My point is that there are lot of goals that schools need to begin making progress on before they earn the responsibility to develop kids’ worldviews and sensibilities or the prerogative to begin exploring the unscientific and bizarre ideas of gender ideology or anti-racism.
Since no one seems to actually support these kinds of childhood experiences let’s let them disappear, shall we? If children aren’t attending sexually explicit shows than a law against such events admitting children will just be dead letter and a waste of ink and floor time.
You can use the reactive ad hominem labels of ‘racist’ or ‘homophobe’ or ‘transphobe’ freely of course. When it comes to people’s children you will find much less ambivalence and acquiescence though. If organizing drag shows is leading to concerns about violence or to public resistance maybe the entire thing was a mistake?
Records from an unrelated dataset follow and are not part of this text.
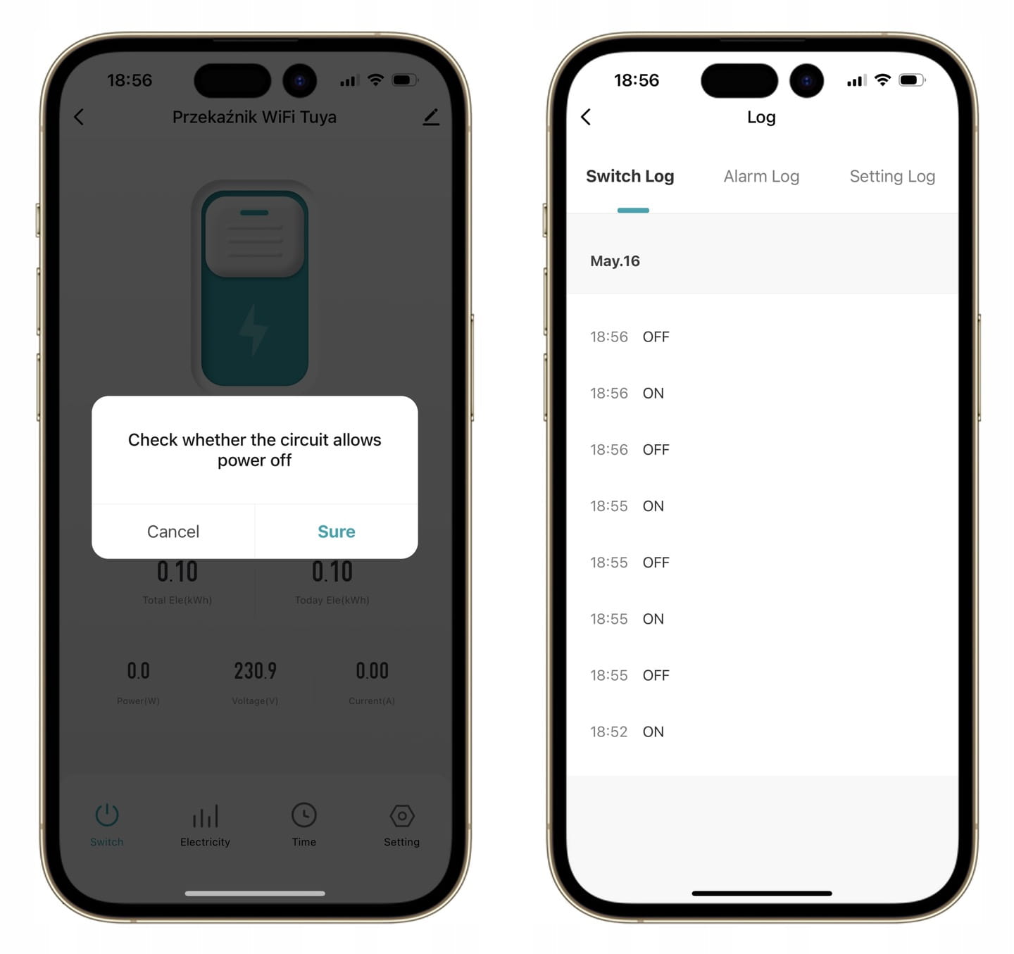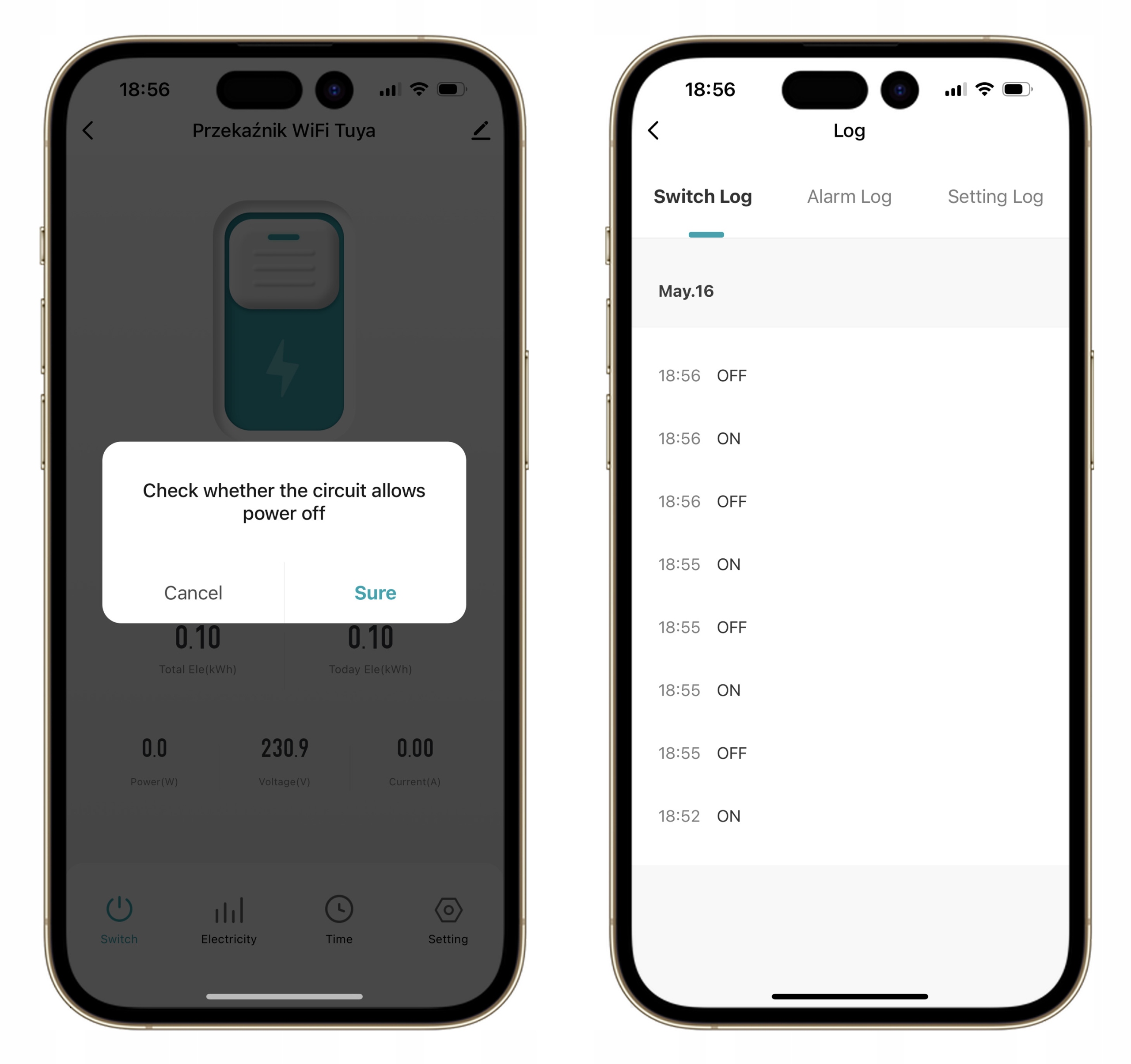 Przekaźnik posiada zabezpieczenie przed przypadkowym wyłączeniem w aplikacji. Po próbie wyłączenia przekaźnika w aplikacji pojawi się komunikat czy na pewno przekaźnik ma odłączyć zasilanie obwodu. Zapobiega to przypadkowemu odłączeniu od zasilania urządzeń lub obwodów elektrycznych.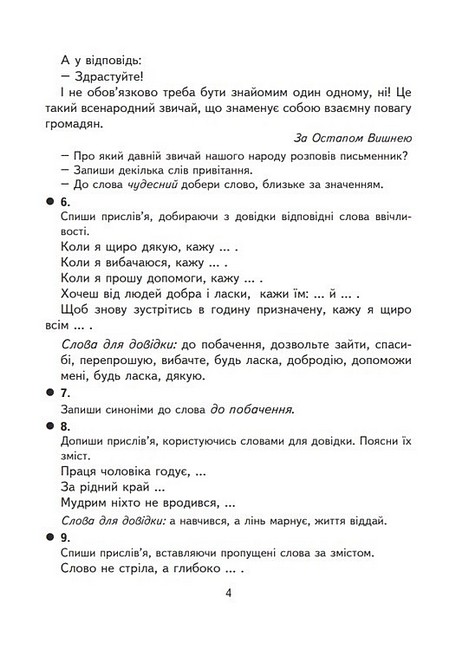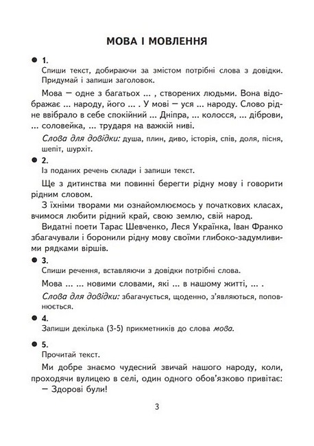 У посібнику подано різноманітні творчі завдання, зміст яких відповідає Державному стандарту початкової освіти, Типовим освітнім програмам з української мови для учнів 4 класу. Пропоновані вправи допоможуть дітям практично засвоїти та закріпити програмовий матеріал з даного предмета. Для учнів початкових класів, студентів педагогічних навчальних закладів, учителів.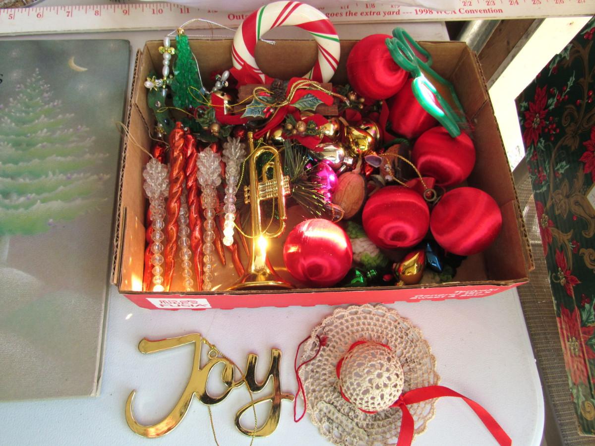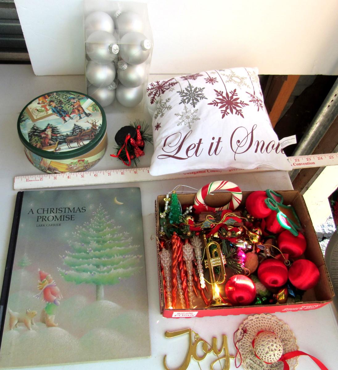 Nice book, tins, ornaments, plastic ball ornaments, pillow. Used but good. Shipping is available at actual shipping cost plus $5.00 handling fee per box for supplies/labor. See our terms for details. All sales are final. Condition notes may not be all inclusive, we may miss some issues as most vintage items are not in mint condition and have some degree of wear, paint loss, etc, but we always try to note obvious damage.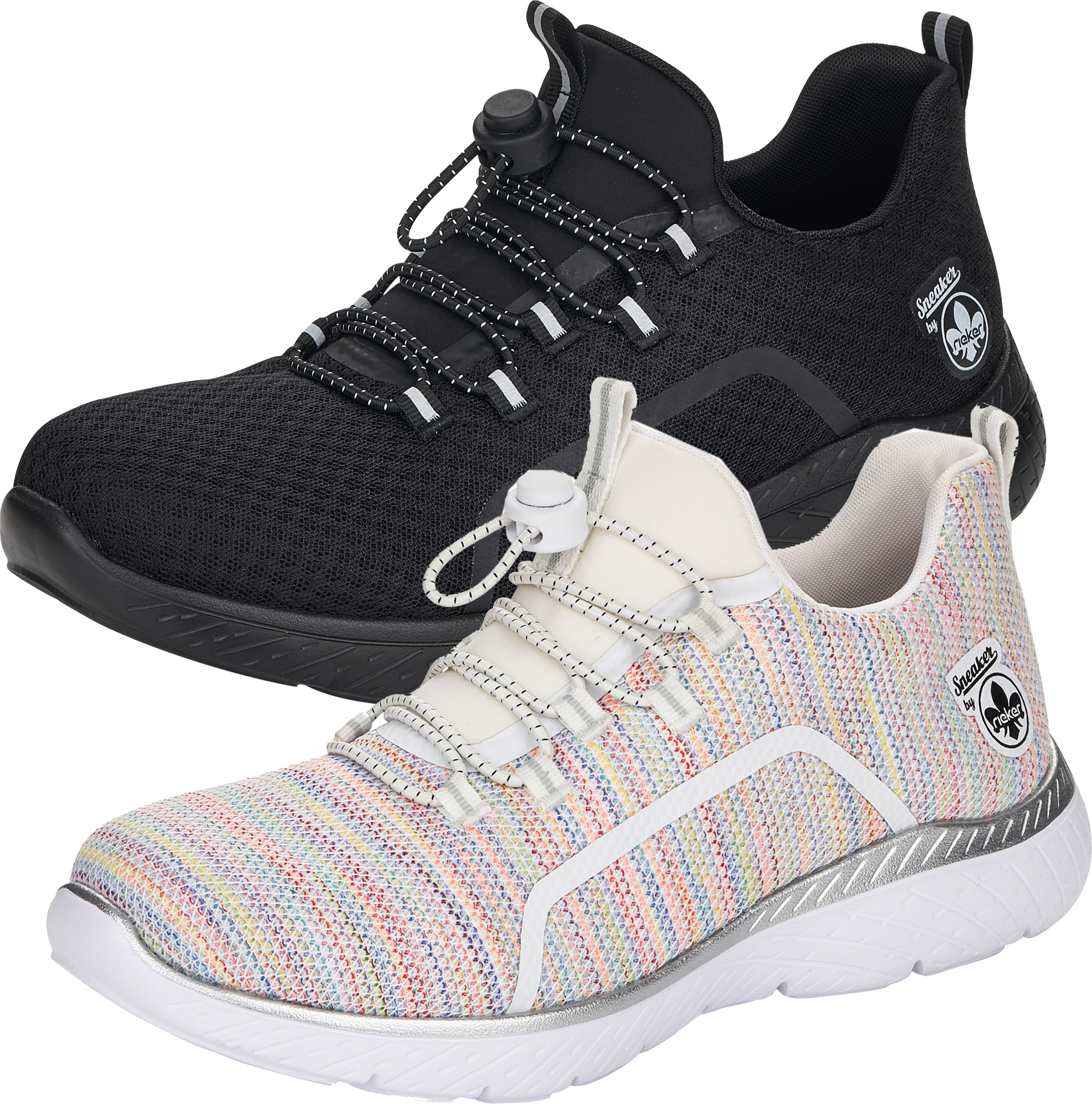 Schuhe aus pflegeleichtem Textil Mit den Slip-On Sneakern der Marke RIEKER Sport zeigst du deine Vorliebe für den entspannten Freizeit-Look. +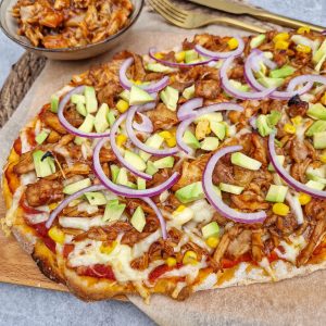 - Als de Pinsa klaar is beleg je hem met de BBQ kip, avocado en de halve uienringen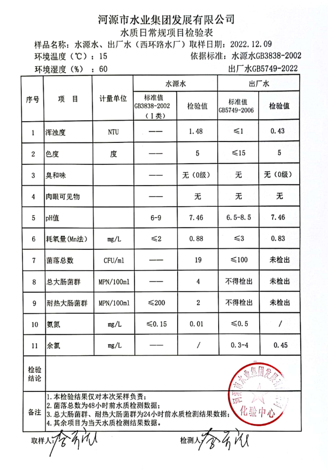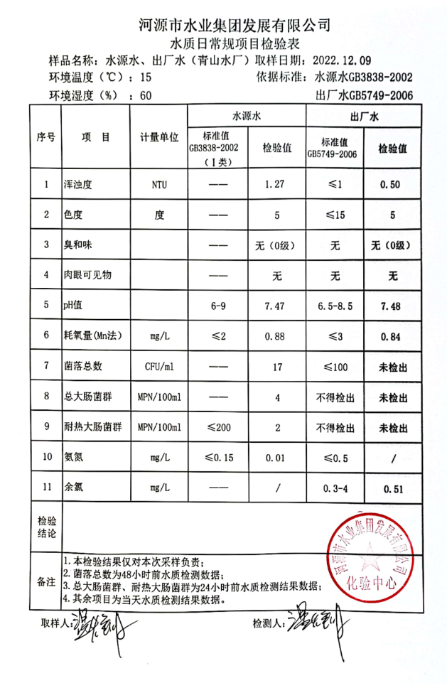 2022年12月9日水質(zhì)檢驗報告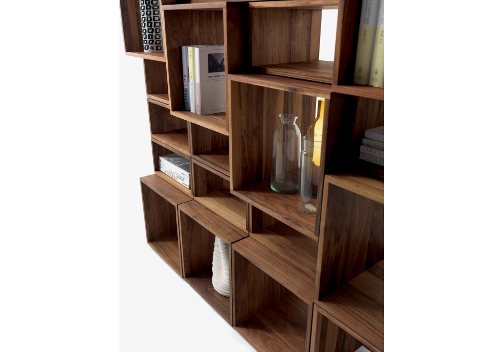 Freedom von Riva 1920 entworfen, ist ein Bücherregal aus Massivholz, das aus stapelbaren modularen Modulen besteht, die durch spezielle Montagebeschläge miteinander verbunden werden können. Flexibel je nach Einrichtungsbedarf, sieht die Möglichkeit vor, Rückenlehnen, Türen und Schubladen einzusetzen, die mit Schwalbenschwanzverbindungen zusammengebaut und mit einem Push-Pull-Öffnungssystem und Metallführungen ausgestattet sind. Erhältlich mit festem oder schwenkbarem TV-Fach, ausgestattet mit Kabelmanagementsystem. Auf Wunsch ist es mit "doppelseitigen" Elementen erhältlich und kann als Trennelement innerhalb der Umgebung verwendet werden.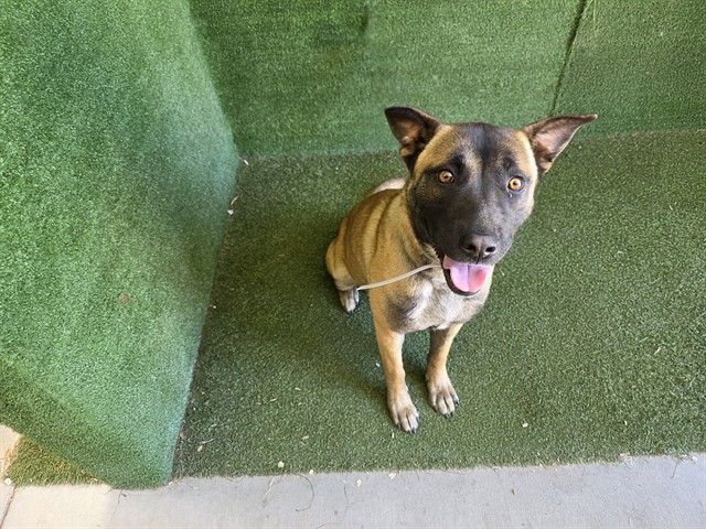 I am described as a female, tan and black Belgian Malinois mix.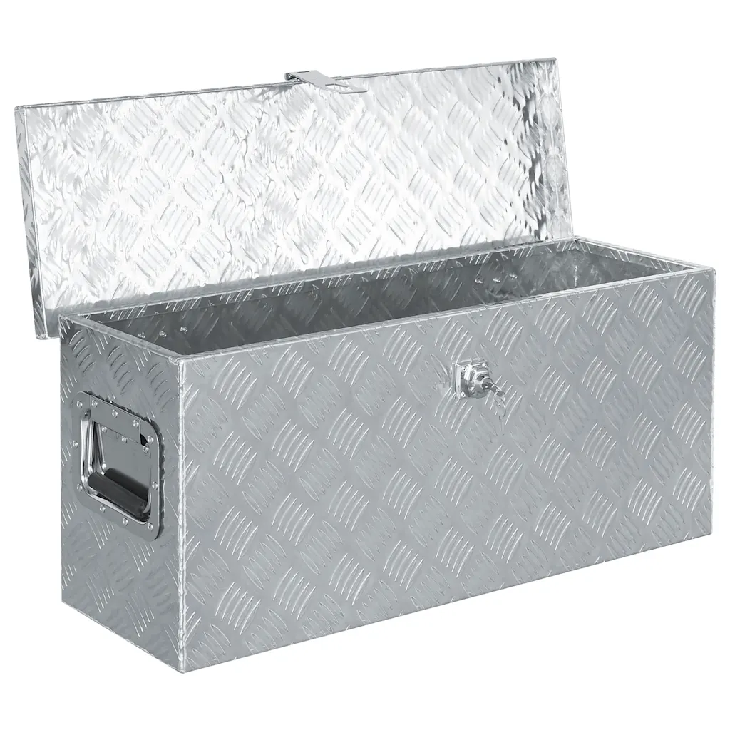 • 1 hõbedane alumiiniumist hoiukast mõõtudega 76,5 x 26,5 x 33 cm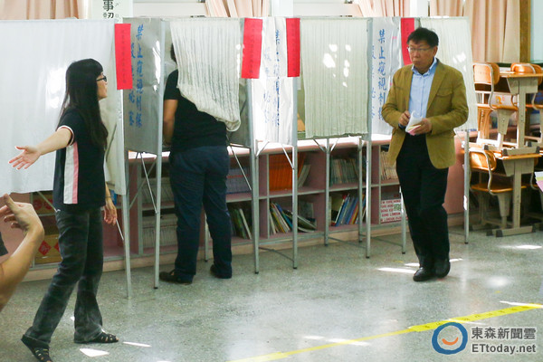 現任臺北市長柯文哲去年11月29日赴投開票所投票。(圖片來源:臺灣“東森新聞云”)

Large national polling data has revealed that a backlash to some of the more unpopular demands of queer activists might be beginning. It’s telling that of the ‘anti-LGBTQ’ legislation around the United States nearly all of it is concerned with minors.
National pills have shown the first significant reversal in the rising acceptance towards LGBTQ issues in decades. These Pew data show a decline in BOTH political affiliations.
I hope that as the year passes I will encounter fewer and fewer videos of transvestites simulating sex acts in front of elementary schoolers. I hope that the question of exactly HOW many queer lib ideologues teach in public schools will barely occur to me. Our culture is a culture of unending culture war it seems, but children shouldn’t be enlisted or involved. A contemporary childhood in the United States already seems strange enough.